WORK REQUIRED:
Could you output the whole listing exactly as it stands, minus any images?

(DATA RECORDS begins)

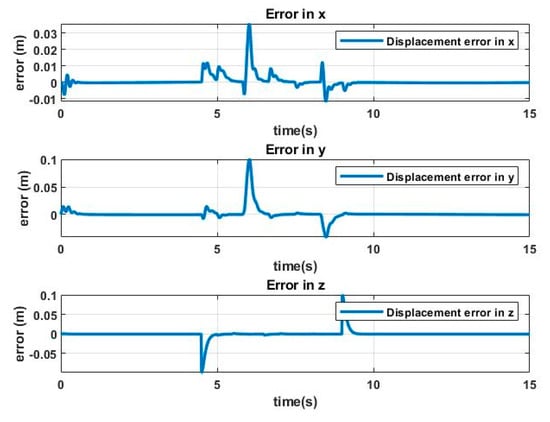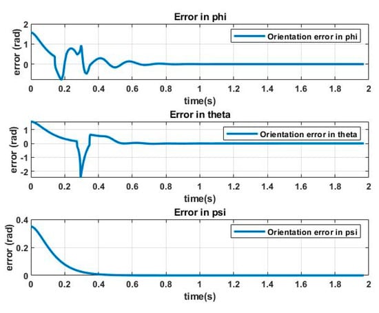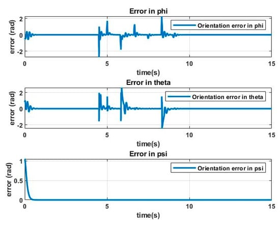 Finally, the errors in position and orientation, respectively, are shown in Figure 18 and Figure 19. Note the effect of the disturbance and the correction of the controller when disturbance disappears.
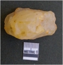 | Description / विवरण | The quartz flake has sharp flaked edges and pointed ends as a result of flaking. The piece is semi-transparent in nature with irregular fracture pattern. The piece is roughly triangular in shape and has a prominent bulb of percussion. |
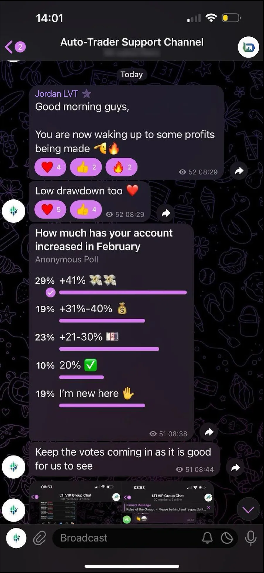 Most trading channels keep you in the dark no community, no real discussions, just faceless messages and cherry-picked screenshots. Our client channel is a space where everyone connects and talks openly about their experiences. You’re part of a network that collaborates and profits together. Members discuss everything because we have nothing to hide.
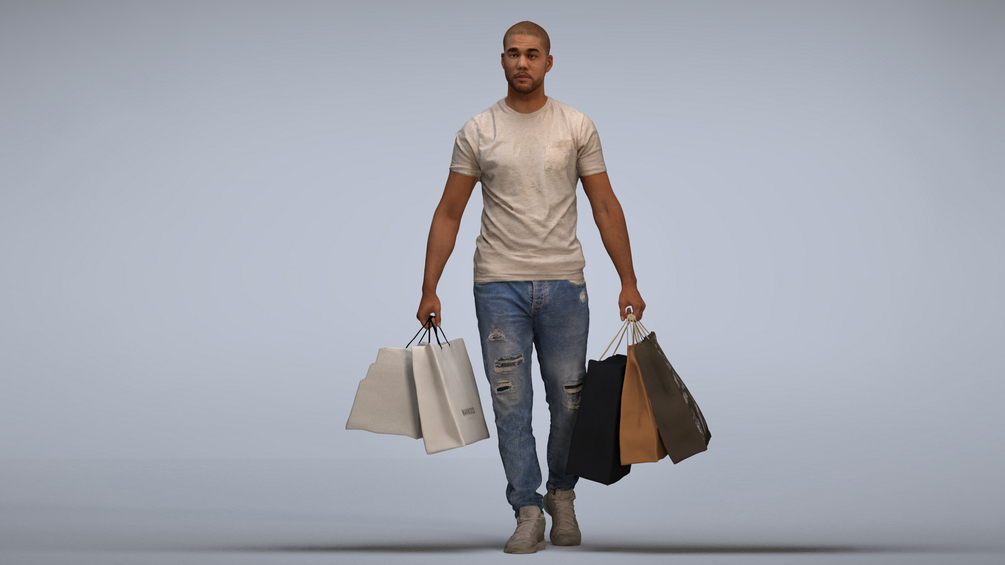 Keywords: 00287_Bill010, architectural visualization, augmented reality, VR, 3D animation, illustrations, man, white tshirt, holding, shopping bags
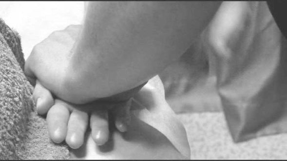 Согните свои четыре пальца, положите кончик мизинца женщины в образовавшуюся ложбинку указательного пальца и прижмите сверху подушкой большого пальца. Выполните выжимание мизинца между указательным и большим пальцами, смещаясь к ладони женщины.
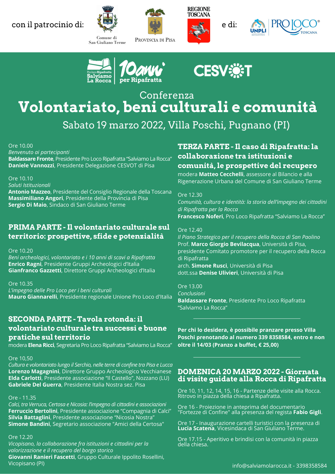 L'iniziativa è organizzata con il Cesvot e patrocinata dal Comune di San Giuliano Terme, dalla Provincia di Pisa, dalla Regione Toscana e da Unpli Toscana. Il programma completo della conferenza è disponibile sui canali dell'associazione, sia sulla pagina Facebook che sul sito salviamolarocca.it.
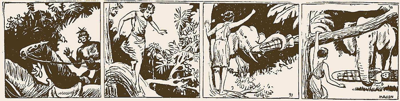 grote olifant (Tantor) in zicht, die de paal, waaraan Korak
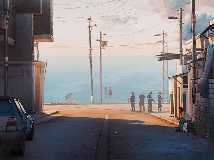 Are these paintings necessary to make the film seem more like an art thing, acting as a certified cover for the documentary work? Or is this a little dig to New York contemporary art audiences, in which the gallery-goers require the formal notes of the documentary to be explicated, so here are these handy paintings as a key to the art in the media? In either case, this pairing identifies respective weaknesses in documentary and contemporary art discourse as well as an intrinsic inability for either to communicate productively with the other. And in that case, the disturbance is a welcome one.

(DATA RECORDS ends)

COMPLETED EXERCISE:
 Finally, the errors in position and orientation, respectively, are shown in Figure 18 and Figure 19. Note the effect of the disturbance and the correction of the controller when disturbance disappears.
 | Description / विवरण | The quartz flake has sharp flaked edges and pointed ends as a result of flaking. The piece is semi-transparent in nature with irregular fracture pattern. The piece is roughly triangular in shape and has a prominent bulb of percussion. |
 Most trading channels keep you in the dark no community, no real discussions, just faceless messages and cherry-picked screenshots. Our client channel is a space where everyone connects and talks openly about their experiences. You’re part of a network that collaborates and profits together. Members discuss everything because we have nothing to hide.
 Keywords: 00287_Bill010, architectural visualization, augmented reality, VR, 3D animation, illustrations, man, white tshirt, holding, shopping bags
 Согните свои четыре пальца, положите кончик мизинца женщины в образовавшуюся ложбинку указательного пальца и прижмите сверху подушкой большого пальца. Выполните выжимание мизинца между указательным и большим пальцами, смещаясь к ладони женщины.
 L'iniziativa è organizzata con il Cesvot e patrocinata dal Comune di San Giuliano Terme, dalla Provincia di Pisa, dalla Regione Toscana e da Unpli Toscana. Il programma completo della conferenza è disponibile sui canali dell'associazione, sia sulla pagina Facebook che sul sito salviamolarocca.it.
 grote olifant (Tantor) in zicht, die de paal, waaraan Korak
 Are these paintings necessary to make the film seem more like an art thing, acting as a certified cover for the documentary work? Or is this a little dig to New York contemporary art audiences, in which the gallery-goers require the formal notes of the documentary to be explicated, so here are these handy paintings as a key to the art in the media? In either case, this pairing identifies respective weaknesses in documentary and contemporary art discourse as well as an intrinsic inability for either to communicate productively with the other. And in that case, the disturbance is a welcome one.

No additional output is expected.